Dave Matthews Band @ The Gorge, 8.31.2013


If you know me well, you know that since I was in high school, The Dave Matthews Band has been, bar none, my all time favorite band. I’ve been to see them three times now, and all three have been at The Gorge, a world-class amphitheater in George, WA, about three hours drive east of Seattle. Every concert was fantastic, three hours of pure, musical and soul rocking indulgence, where everyone is high on life or something otherwise. Last night was no different, save for the fact that it was my first time going to see them in over ten years. And let me tell you, they have not lost a single step in the last decade. Armed with my stack of albums and live CDs, a backseat full of food, and my trusty Canon Powershot S100, I was ready to go! (For gear-heads out there, that’s all I brought! Obviously I wouldn’t have been able to get my 70-200 into the show, and the concert lighting means I could shoot at reasonable ISOs, making the 24-120 zoom of the S100 far more versatile than the fixed 22mm lens on my EOS M, my 2nd choice)

So the story goes, I had noticed some advertising online for the summer tour this year, and figured I’d buy a few tickets for my brother’s early birthday gift. It would be a road trip, the two of us heading out to see a band we both have loved for almost 20 years.


Of course, the venue is freaking off the charts. I’ll let the pictures do the talking.

So what is it about the band, the music, and show?


Dave playing solo

When I said three hours, I really meant three hours – there is very little “talking” between songs at a DMB concert, it’s simply a huge set of awesome, awesome music. With a repertoire of over eight albums and countless “live-only” tracks, every concert is a unique, once-in-a-life-time show, which only adds to the mystique. Five minute album tracks are drawn out to ten, or fifteen minutes in length with sublime jams and solos, where the crowd goes into a dancing frenzy, feeding off the energy of the band (and probably vice-versa). And the light show is simply out of this world, with colors, images, and lots and lots of smoke for those awesome beams!


Going loud and strong for the opening track, Warehouse

This year’s show was a first for me in many ways:

1. It was my first show since the passing of Leroi Moore, saxophonist and one of the founding members of the band. It definitely wasn’t the same – not in a bad way – but no one will every replace that oh-so-sweet, dazzling, brilliant sax-play that Leroi brought to each show…as it should be.

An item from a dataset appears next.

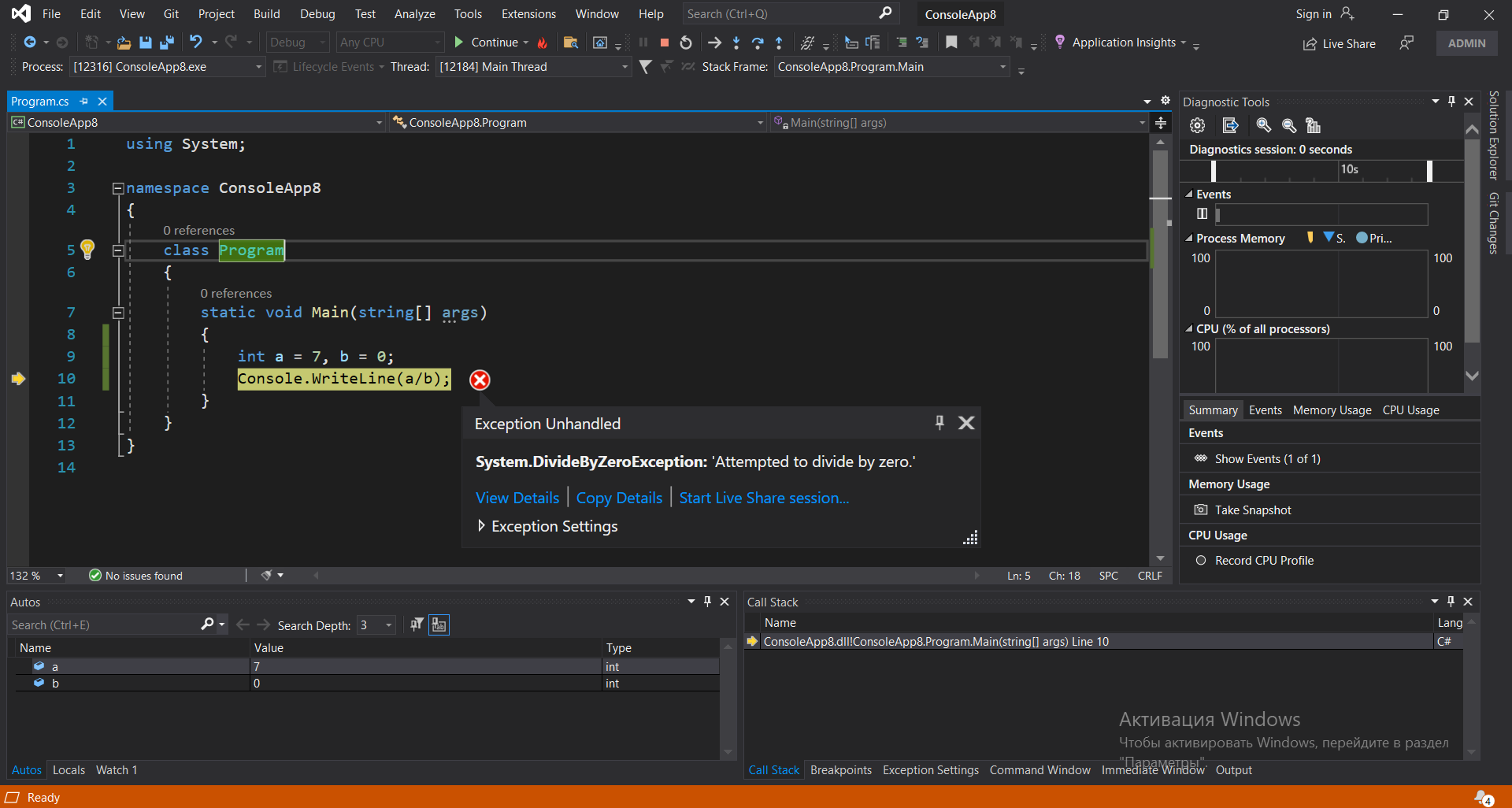 Yuqoridagi rasmda 7 ni 0 ga bo'lishga urinish tufayli System.DivideByZeroException xatoligi yuzaga kelgan.

Jeff Coffin, Sax for Bela and the Fleck Tones, who has been touring with the band since then, was incredible in his own right, busting out a dual-sax solo on one of the last songs of the night (never in my life have I seen someone play two wind instruments at the same time, one in each hand!)

2. Rashawn Ross on trumpet, was also a “new member” for me, and the addition of the horn took the music to a new place, a sound I had not heard before.

3. It was my first show with Tim Reynolds playing electric guitar with the band. Holy shit was I excited when I saw him on stage! I’ve always wanted to see the guitar virtuoso on tour with DMB and my wish was fulfilled. Long, silver mane flowing, he was his usual stoic self (great imagery – black shades, eyeball-with-wings t-shirt, no smile, just ripping out riff after awesome riff) until the end of the show – when he and legendary drummer Carter Beauford went OFF on a fifteen minute, double-jam version of one DMB’s all time classics, Two Step. I don’t think I’ve ever seen Tim Reynolds head bang – so baller.

4. My first show since the release of Big Whiskey and the Groo Grux King and Away From the World, the two most recent albums by the band. I was belting out half the songs word-for-word while trying to catch the different, intricate melodies and pieces of many tracks I was hearing for the first time. A very different, but no less satisfying experience.


Dave striking a sweet pose as he sings, very reminiscent of the band’s logo, the “fire dancer”

At the end of the night we couldn’t stop talking about the show as we drove back to Seattle through the starry night of eastern Washington, high on life and damn good music.